Dworkin It

It’s hard to believe we’re now so far from the “post-feminist” moment of the 1990s and early 2000s. As the provocations of third-wave feminism got absorbed into consumer culture as sex-positive hedonism and girl-power marketing, the very idea of being feminist began to seem passé and unpalatable to many Americans — a thing belonging to an old world of angry harridans, thankfully long since behind us. Many young women of my generation would say, “I believe in equality for women, but I’m not a feminist” — in much the same way that Democrats eschewed the dreaded epithet of “liberal” for much of the 1980s and 1990s. By the mid-2000s, the best we could hope for is a glib and facile rallying cry to “lean in,” for the sake of Ivy-educated white women angling for the C-suite, angry that Brad’s beach house is bigger than theirs. Chin up, girls. You got this!

We find ourselves today in a palpably different moment. Surely the ascension of Trump, the ne plus ultra of unearned white male privilege and avatar of misogyny unbound, has something to do with it. There was the historic defeat of Hillary Clinton, the vehicle of second-wave aspirations, not once but twice, at the hands of two men (Obama and Trump) who lacked her long list of accomplishments. And when lifetimes of anger, frustration, and trauma exploded uncontrollably in the #MeToo movement, the ordinary interlocutors of the mainstream media were caught flat-footed. (“What do we do with this? Why are these ladies so upset? When will they bring back Matlock?”) It was suddenly, surprisingly not a faux pas to be a woman and angry.

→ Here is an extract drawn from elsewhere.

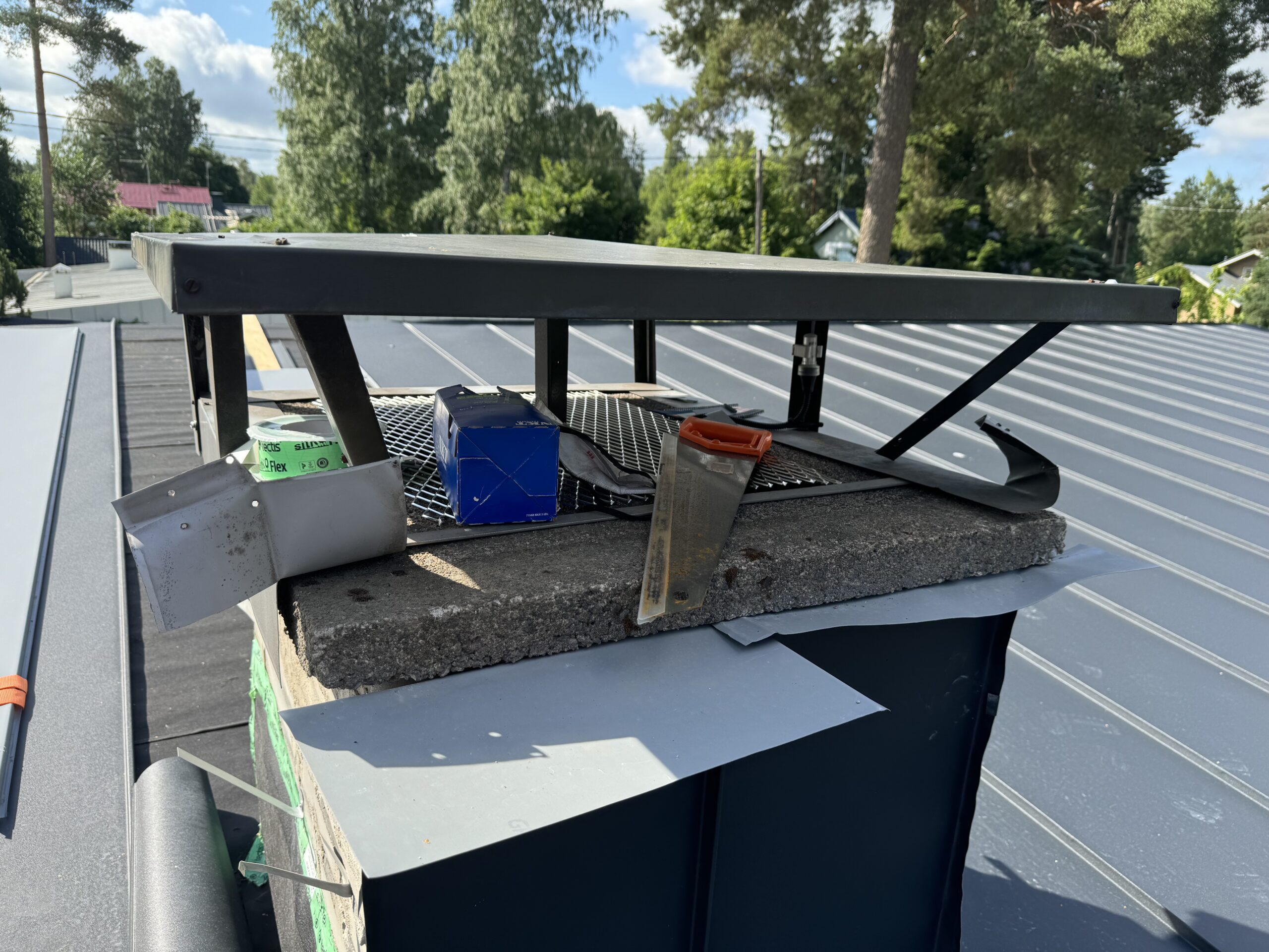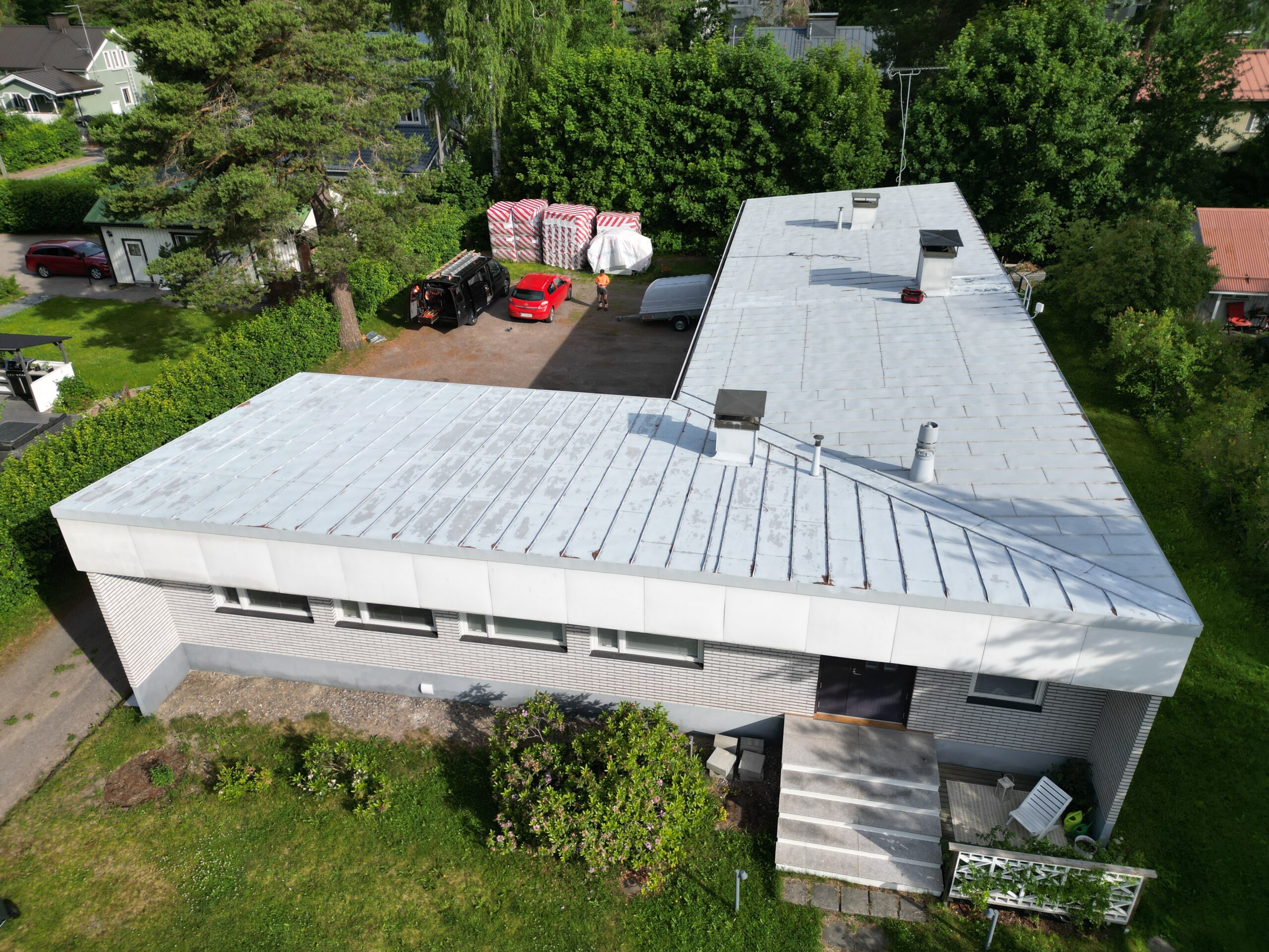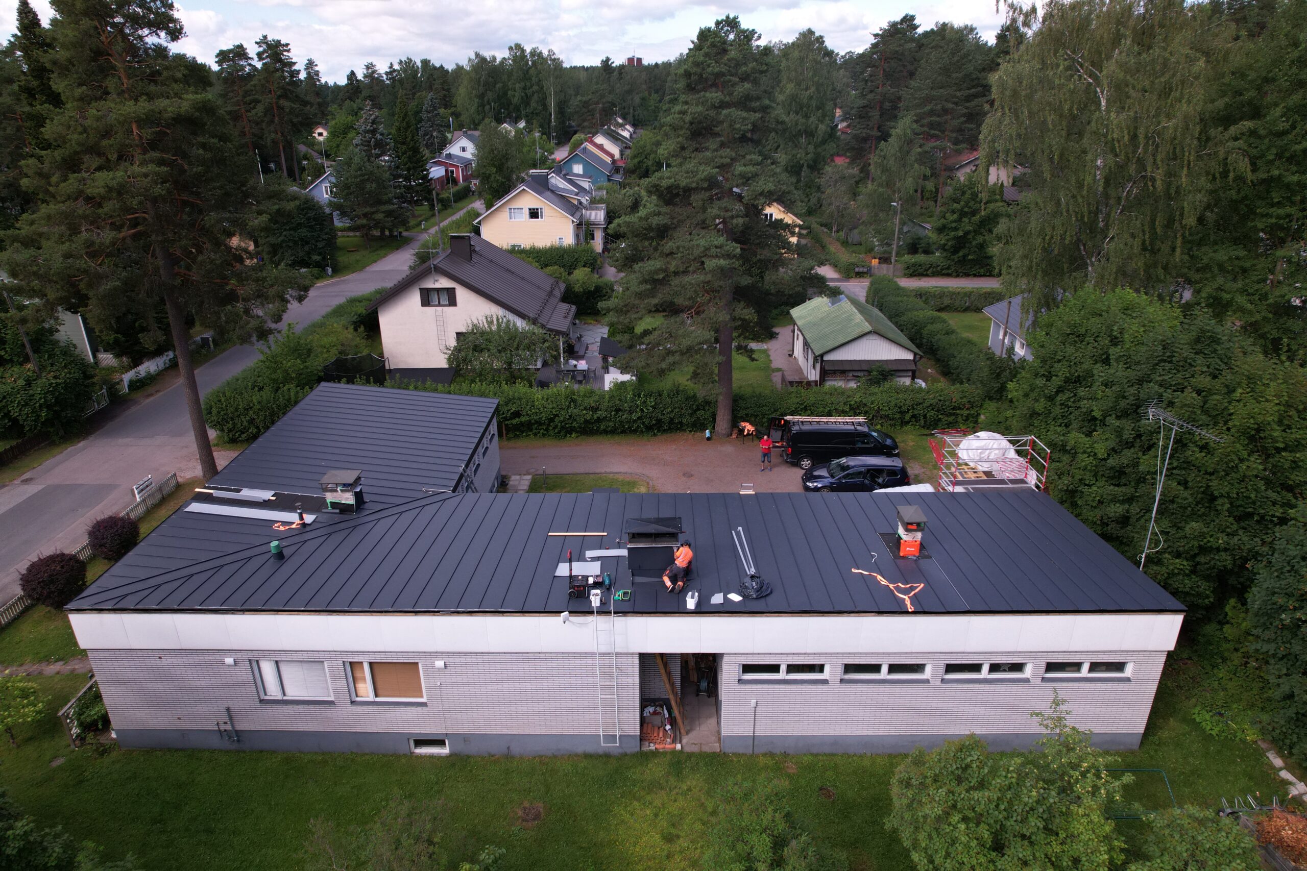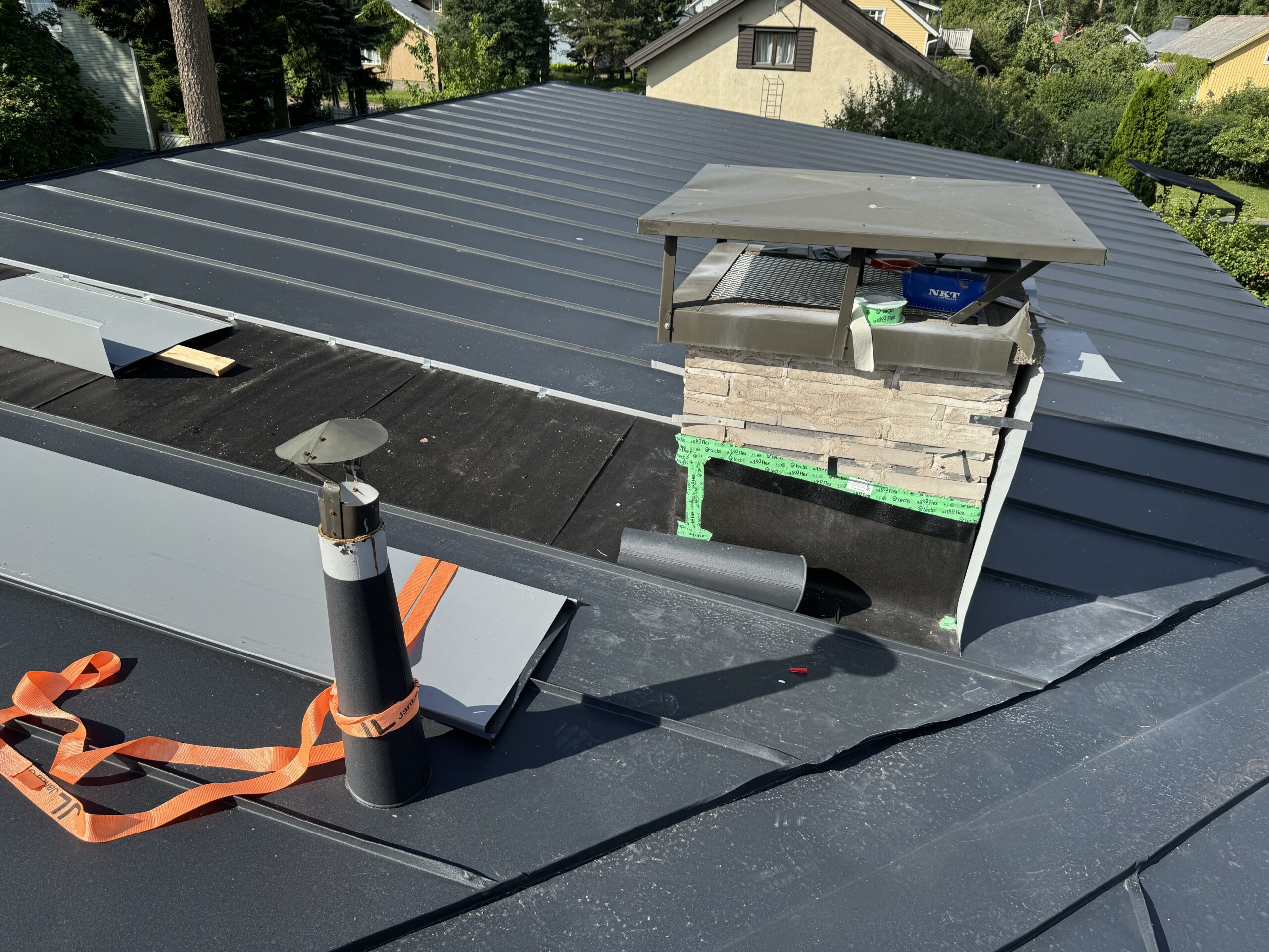 Uudeksi vesikatoksi valittiin konesaumattu peltikatto, joka on tunnettu kestävyydestään ja esteettisestä ulkonäöstään. Konesaumakatto asennettiin huolellisesti, ja kaikki piipunpellitykset sekä muut läpiviennit tehtiin peltisepäntyönä varmistaen, että katto on täysin vesitiivis.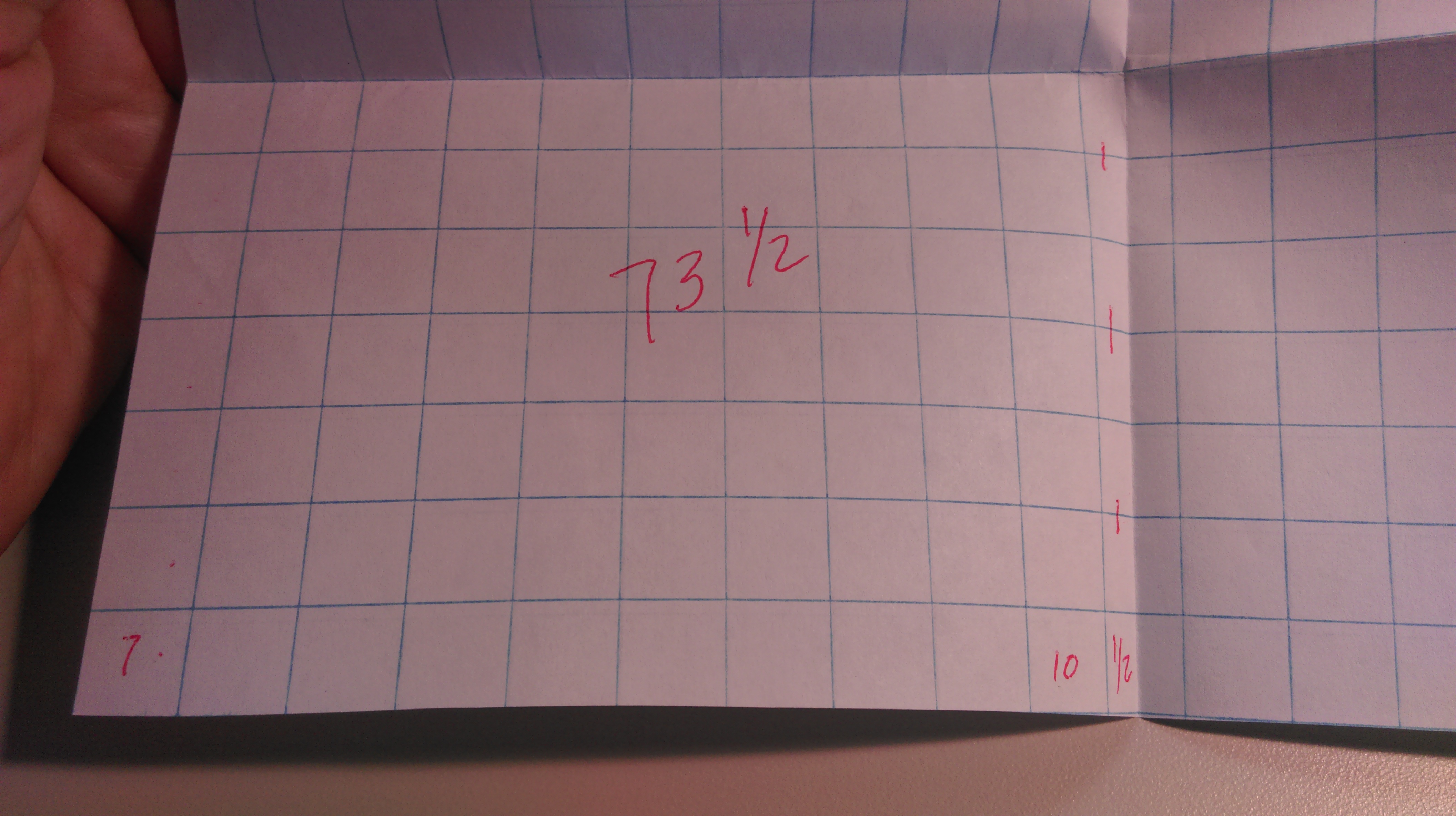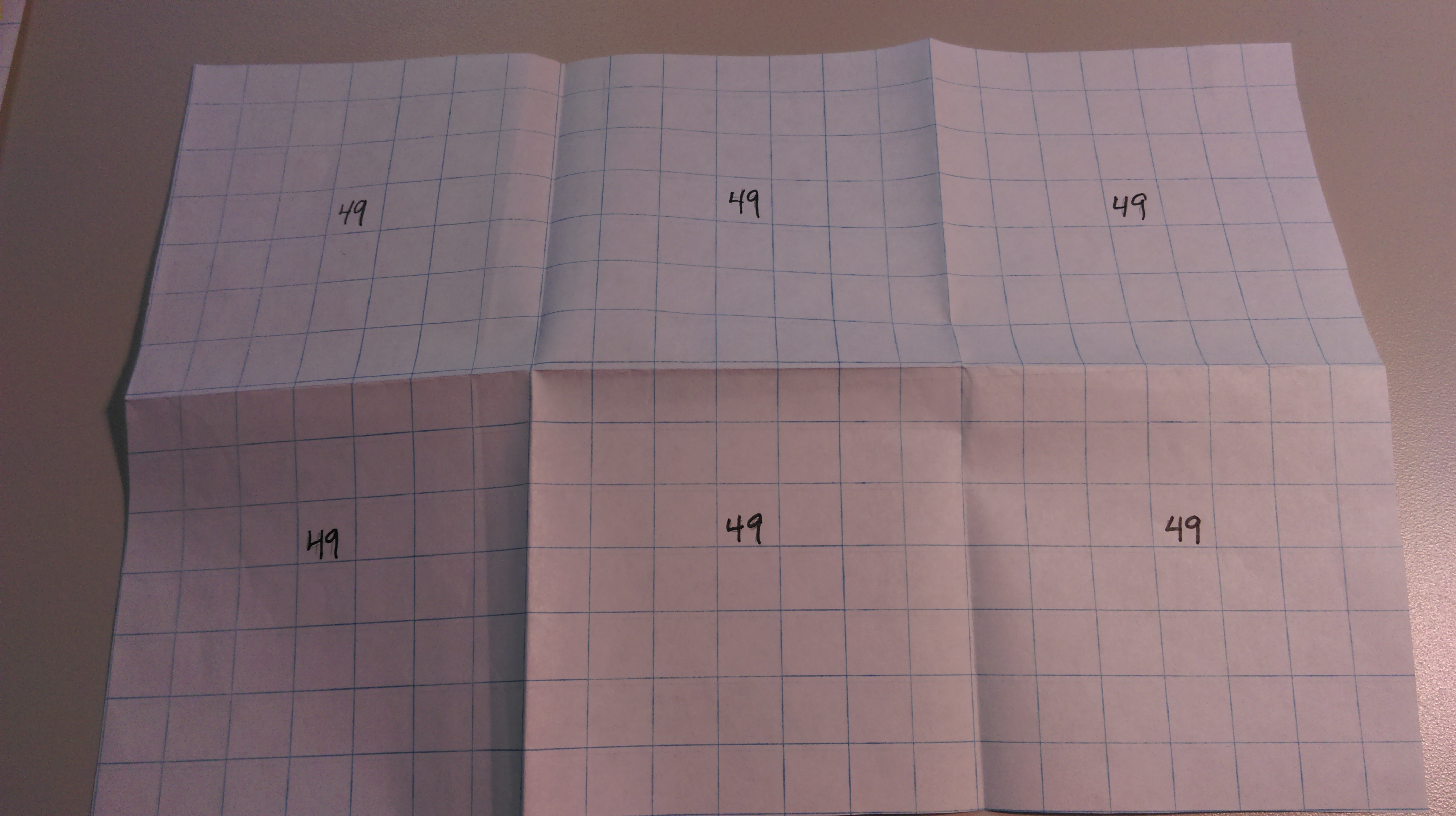 She had a 7 x 10 rectangle, which yielded 70 squares. She then combined 6 half-squares to make 3, and had 1/2 left over. Each quarter had 73 1/2 squares. To figure out the total number of squares, she pinched together the 4 half-squares into 2 whole squares, multiplied 73 x 4 to get 292, and added them together to find 294 squares. She told us that the folding grew out of her comfort with sewing, and she was completely in command of her strategy.

It’s perhaps not surprising that some misunderstood and misinterpreted figures in the history of feminism have gotten considered reconsiderations of late. There was Susan Faludi’s moving 2013 remembrance of Shulamith Firestone in the New Yorker; renewed attention to Warhol assassin and ToM favorite Valerie Solanas; and most recently a wonderful essay on Andrea Dworkin in Boston Review. All three women wore the scars of a routinely brutal patriarchy publicly and without apology. Each, in their way, was sidelined as a caricature of a certain angry, ugly feminism that was always great sport to dismiss — perhaps no one more than Dworkin. If she were a man, her rage would be seen as punk rock; but of course that was not how things went. She cuts a very different figure from the chipper civic humanism of Leslie Knope, whose pop cultural meaning Tim Shenk pulls apart in Dissent.

A little more Dworkin, a little less Knope? Yes, please.